[Opening Data excerpt section]

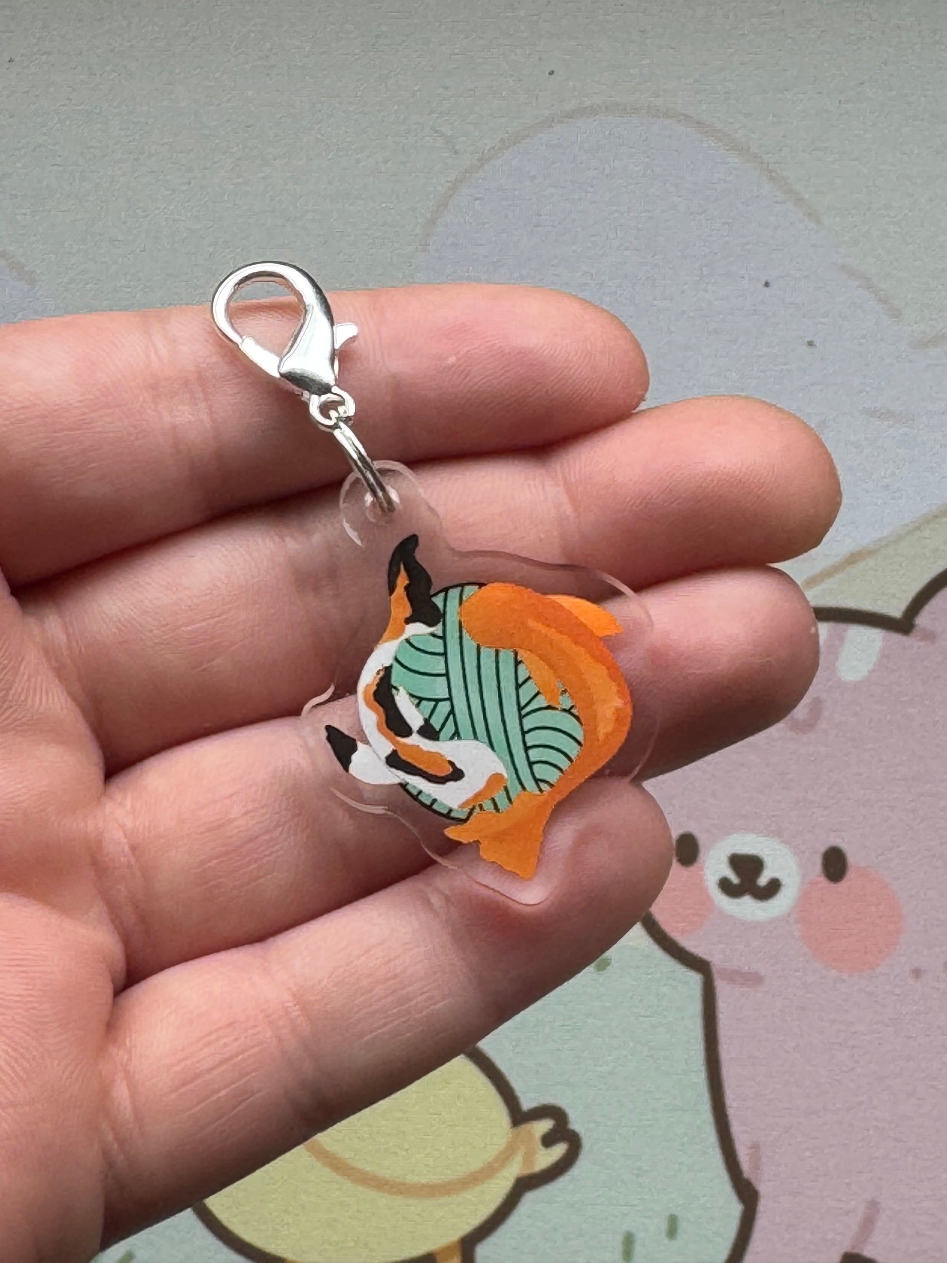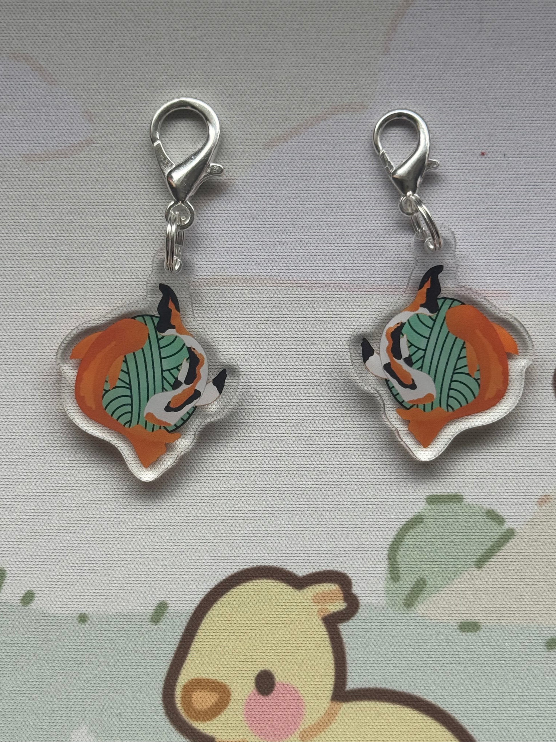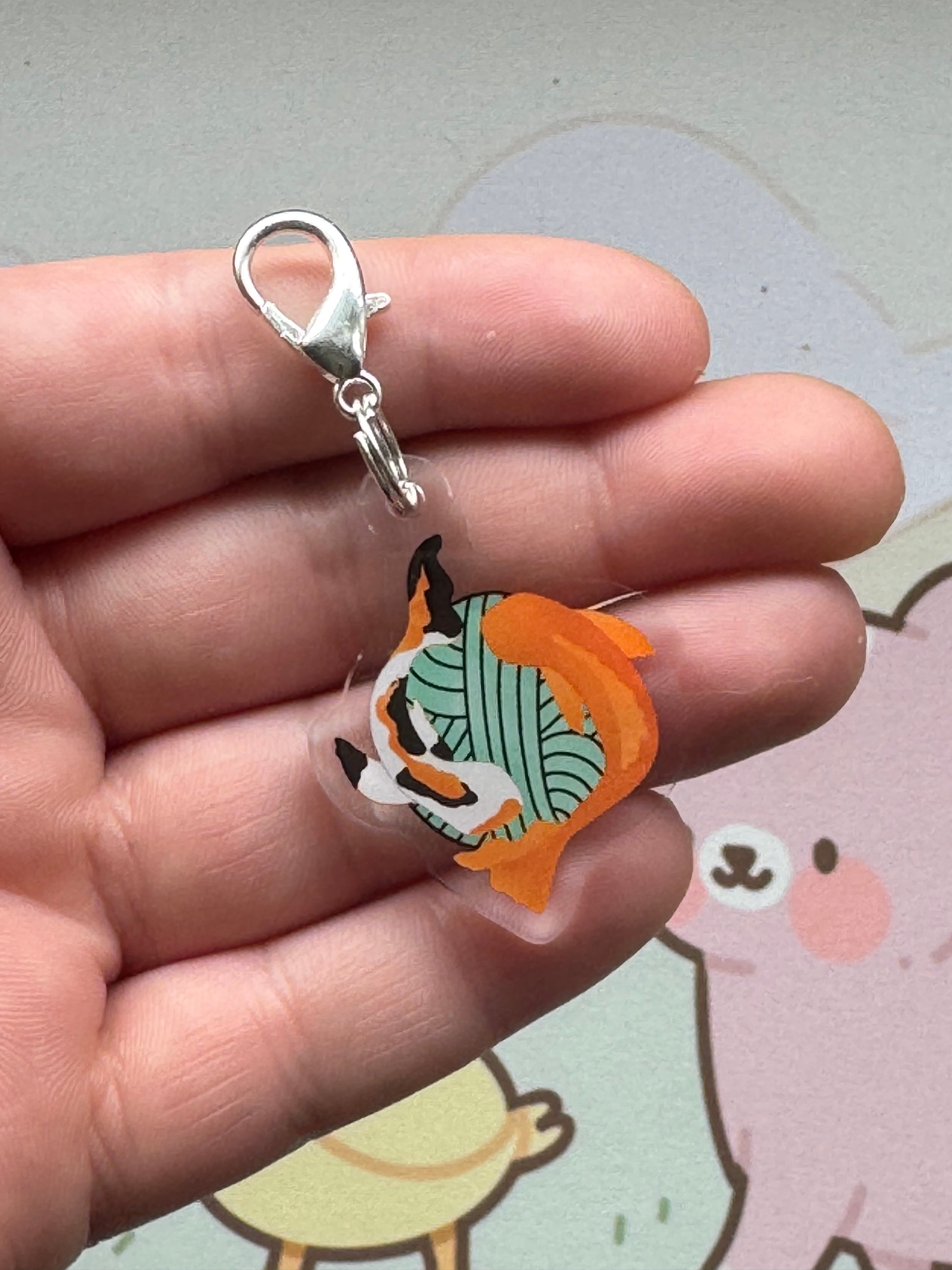Designed by me (Harper), this stitch marker features a double sided printed 1.5 inch charm with my Yin and Yang style koi fish circling a yarn pond design on! The metal parts are a 10mm split ring (making it easy to change the clasp type!) and a 23mm or 18mm lobster clasp, which are the perfect size for larger projects with bulky yarn or smaller projects with thicker yarn!
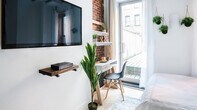 Feel at home in this comfortable and convenient studio apartment, centrally located in the Gramercy Park area of NYC. This fully furnished apartment features a cozy queen-size bed, a fully equipped kitchen, and a washer and dryer, ensuring a seamless living experience. With A/C and heat, comfort is guaranteed regardless of the weather, while a 40" flat-screen TV and free Wi-Fi provide ample entertainment options. This studio apartment is thoughtfully furnished with stylish and modern decor, ensuring a comfortable stay. The fully equipped kitchen includes a refrigerator, oven, stove, microwave, coffee maker, toaster, utensils, dishes, and cookware, allowing you to prepare meals with ease. The bathroom comes with fresh towels, and the washer and dryer make laundry convenient. Additional amenities include air conditioning, heating, a 40" flat-screen TV, free Wi-Fi, an iron/ironing board, and a hair dryer, all designed to enhance your stay. Located on East 24th St, this studio apartment is ideal for both business and leisure travelers. The vibrant Gramercy Park area is known for its tree-lined streets, historic architecture, and beautiful parks. Just a short walk from the famous Gramercy Park, the apartment is surrounded by popular restaurants, bars, cafes, and shops. Its proximity to several subway lines makes it easy to navigate the city, with quick access to Times Square, the Empire State Building, and other attractions. New York City's heating season lasts until the end of May. Starting mid-April, window air conditioning will be installed in the apartment. You can request an earlier installation if needed. [SI]
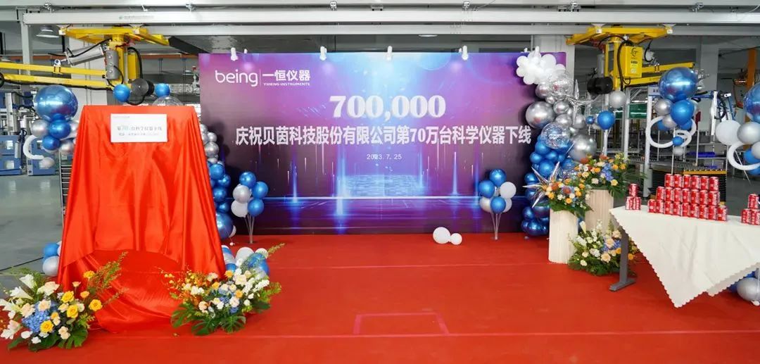 7月25日貝茵科技在新建智能車間慶祝公司第70萬臺科學(xué)儀器下線。這對于貝茵科技來說是一個巨大的里程碑,不僅標志著公司長期以來在創(chuàng)新和技術(shù)上的領(lǐng)先地位,也標志著用戶對貝茵品牌和一恒品牌的認可與信賴。

[Closing Data excerpt section]

#### The problem
The whole listing is to be retyped exactly, with its pictures removed.

#### Exercise output
Designed by me (Harper), this stitch marker features a double sided printed 1.5 inch charm with my Yin and Yang style koi fish circling a yarn pond design on! The metal parts are a 10mm split ring (making it easy to change the clasp type!) and a 23mm or 18mm lobster clasp, which are the perfect size for larger projects with bulky yarn or smaller projects with thicker yarn!
 Feel at home in this comfortable and convenient studio apartment, centrally located in the Gramercy Park area of NYC. This fully furnished apartment features a cozy queen-size bed, a fully equipped kitchen, and a washer and dryer, ensuring a seamless living experience. With A/C and heat, comfort is guaranteed regardless of the weather, while a 40" flat-screen TV and free Wi-Fi provide ample entertainment options. This studio apartment is thoughtfully furnished with stylish and modern decor, ensuring a comfortable stay. The fully equipped kitchen includes a refrigerator, oven, stove, microwave, coffee maker, toaster, utensils, dishes, and cookware, allowing you to prepare meals with ease. The bathroom comes with fresh towels, and the washer and dryer make laundry convenient. Additional amenities include air conditioning, heating, a 40" flat-screen TV, free Wi-Fi, an iron/ironing board, and a hair dryer, all designed to enhance your stay. Located on East 24th St, this studio apartment is ideal for both business and leisure travelers. The vibrant Gramercy Park area is known for its tree-lined streets, historic architecture, and beautiful parks. Just a short walk from the famous Gramercy Park, the apartment is surrounded by popular restaurants, bars, cafes, and shops. Its proximity to several subway lines makes it easy to navigate the city, with quick access to Times Square, the Empire State Building, and other attractions. New York City's heating season lasts until the end of May. Starting mid-April, window air conditioning will be installed in the apartment. You can request an earlier installation if needed. [SI]
 7月25日貝茵科技在新建智能車間慶祝公司第70萬臺科學(xué)儀器下線。這對于貝茵科技來說是一個巨大的里程碑,不僅標志著公司長期以來在創(chuàng)新和技術(shù)上的領(lǐng)先地位,也標志著用戶對貝茵品牌和一恒品牌的認可與信賴。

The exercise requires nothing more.